**Task prompt:**
Your task is to retype the lines from the opening of the material through the line that includes "Natural Icy Translucent". Do not copy the pictures.

**Data segment:**
---------------
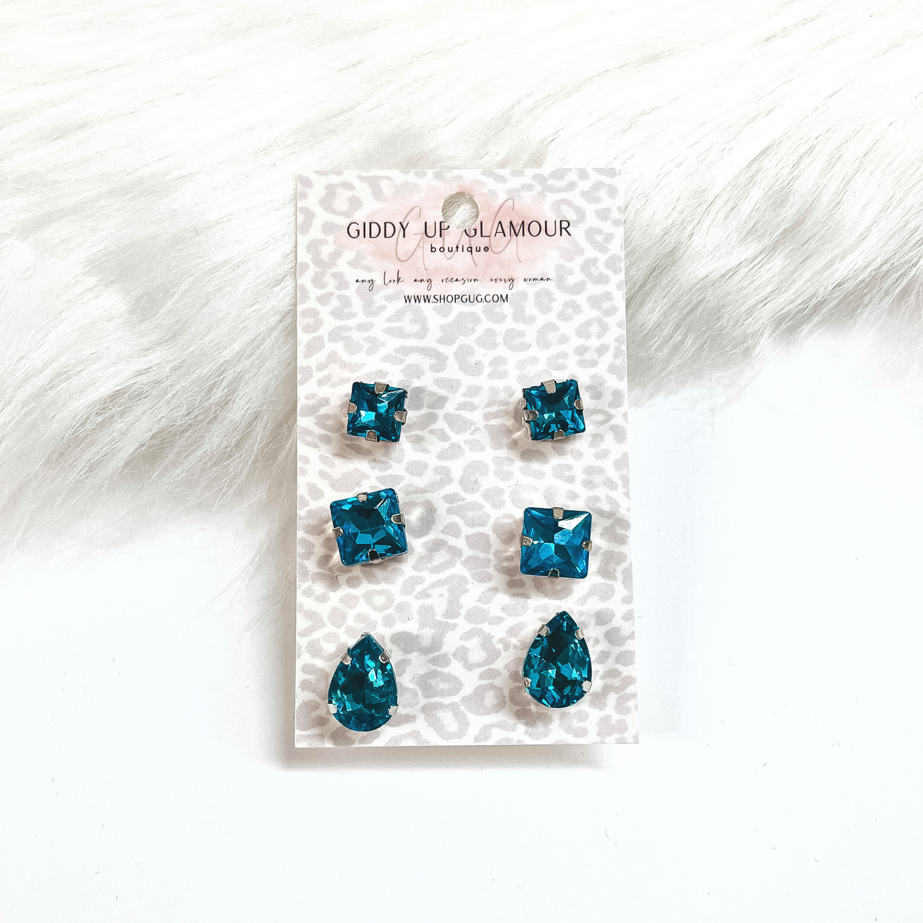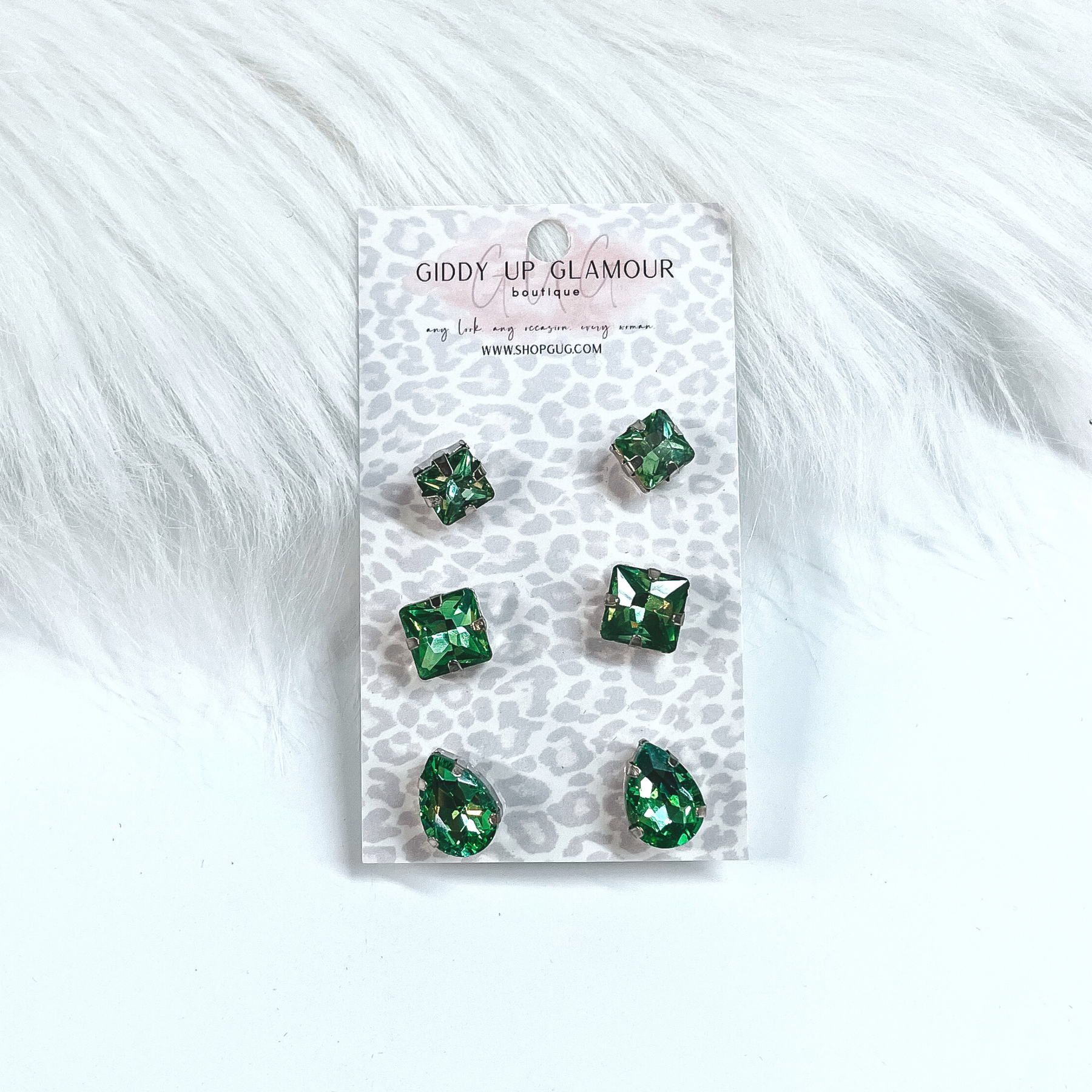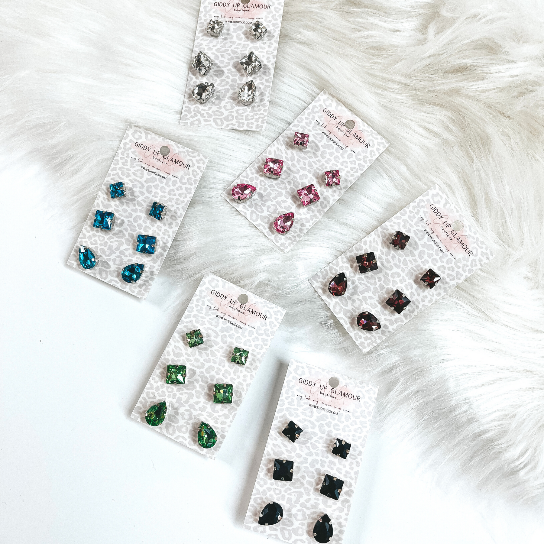 Buy 3 for $10 | Set of Three | Faux Crystal Stud Earrings in Silver Tone Setting
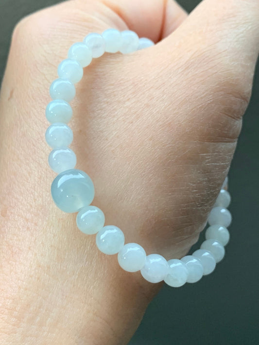 Natural Icy Translucent Gelatinous White Jadeite Beads Light Sky Blue Jadeite Apple Bead Beaded Bracelet 6.75” 天然细糯白冰翡翠珠晴色苹果珠手串
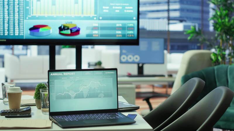 Empty modern office setup with advanced technology enhances productivity, helping professionals focus on financial strategies, performance metrics and global business objectives. Pro Video
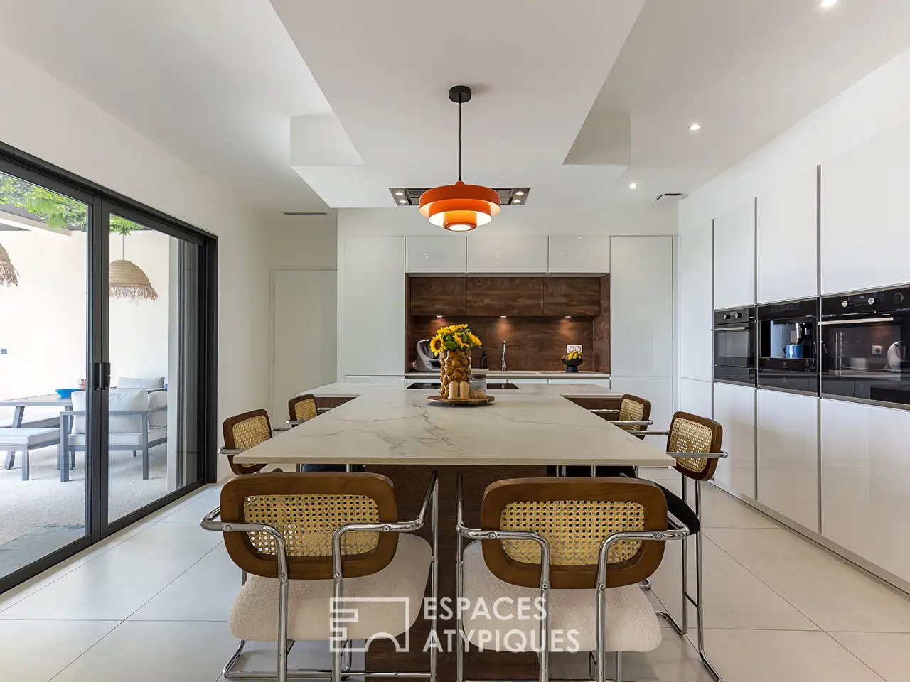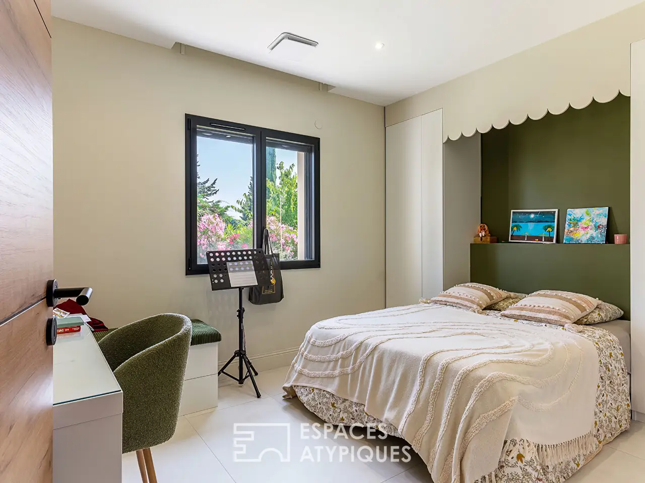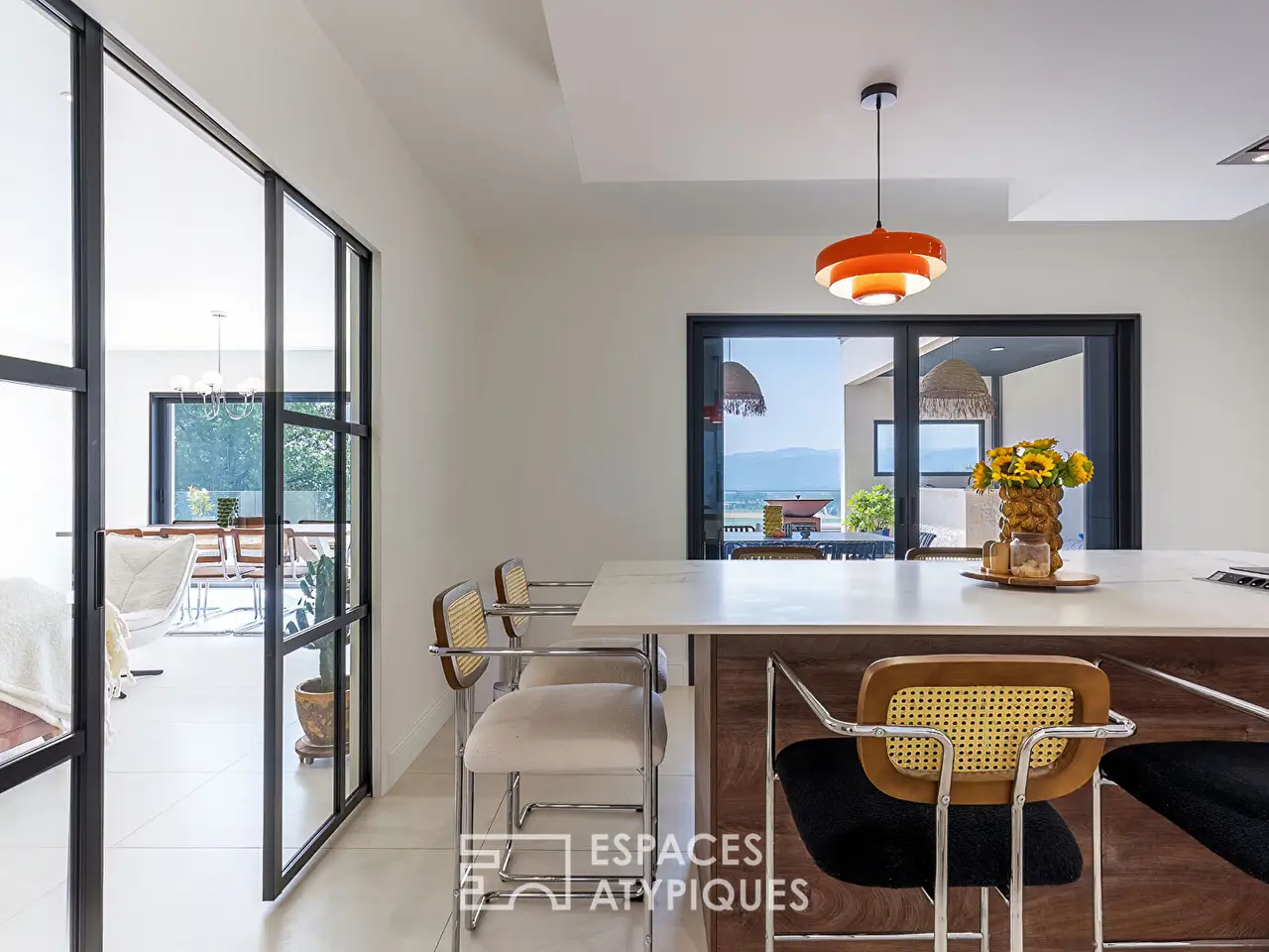 In the residential hills near Étoile-sur-Rhone, this single-storey architect-designed villa, due for completion in 2024, offers almost 200 m2 of living space on a landscaped plot with a swimming pool. This exceptional property captivates at first glance with its contemporary lines, natural light and high-end amenities. An elegant and functional retreat, designed for lovers of design and comfort.Beyond the electric gate, a large double garage and outdoor parking space welcome your vehicles. The garden offers an immediate surprise: a commanding view of the valley, a swimming pool elegantly set into a large 56 m2 terrace, and a landscaped garden adorned with fig trees, Mediterranean shrubs and olive trees ? everything exudes a gentle way of life.The entrance opens onto a large, light-filled hall with custom-made cupboards and a reception area that sets the tone. At the heart of the house, the spacious 42 m2 double living room flows harmoniously into the high-end fitted and equipped kitchen, which features a central island perfect for convivial meals. The whole is enhanced by large aluminium sliding glass doors, which naturally extend the living spaces to the outside.The master suite enjoys an ideal west-facing position. It consists of a spacious bedroom with a view, a large dressing room and a refined en-suite bathroom with double sinks and a double walk-in shower. The sleeping area has four other bedrooms, each with its own distinct atmosphere, tastefully decorated and fitted with custom-made wardrobes. A family bathroom with a freestanding bathtub and double shower, two separate WCs and a laundry/storage room complete the amenities.All materials and equipment have been carefully selected: underfloor heating with heat pump, ducted air conditioning, motorised roller shutters, adjustable sunshades (BSO), fibre optics, videophone, sophisticated interior and exterior lighting, security system ? everything here has been designed for optimal comfort and peace of mind every day.Outside, the harmony continues: the covered terrace allows you to extend your summer evenings, sheltered under a green roof. The garden, beautifully structured on two levels, offers play areas for children and charming flower beds. A utility room, outdoor toilets and storage space complete this highly functional picture.Located in a sought-after residential area, this house is just a few minutes from local shops, schools and motorway access to Valence and Montelimar. The natural surroundings will appeal to lovers of hiking, country walks or relaxing by the pool.A resolutely contemporary villa, as elegant as it is easy to live in. A place to live that ticks all the boxes for a sure-fire favourite, just a stone's throw from Valence. Don't wait to discover it.REF. 553DAAdditional information* 7 rooms* 5 bedrooms* 1 bathroom* 1 bathroom* Outdoor space : 900 SQM* Property tax : 1 €Energy Performance CertificateEPC : 27 kWhEP/m2.year* A 450Agency feesThe fees include VAT and are payable by the vendorMediatorMediation Franchise-Consommateurswww.mediation-franchise.com29 Boulevard de Courcelles 75008 ParisInformation on the risks to which this property is exposed is available on the Geohazards website : www.georisques.gouv.fr
---------------
**Answer space:**
 Buy 3 for $10 | Set of Three | Faux Crystal Stud Earrings in Silver Tone Setting
 Natural Icy Translucent Gelatinous White Jadeite Beads Light Sky Blue Jadeite Apple Bead Beaded Bracelet 6.75” 天然细糯白冰翡翠珠晴色苹果珠手串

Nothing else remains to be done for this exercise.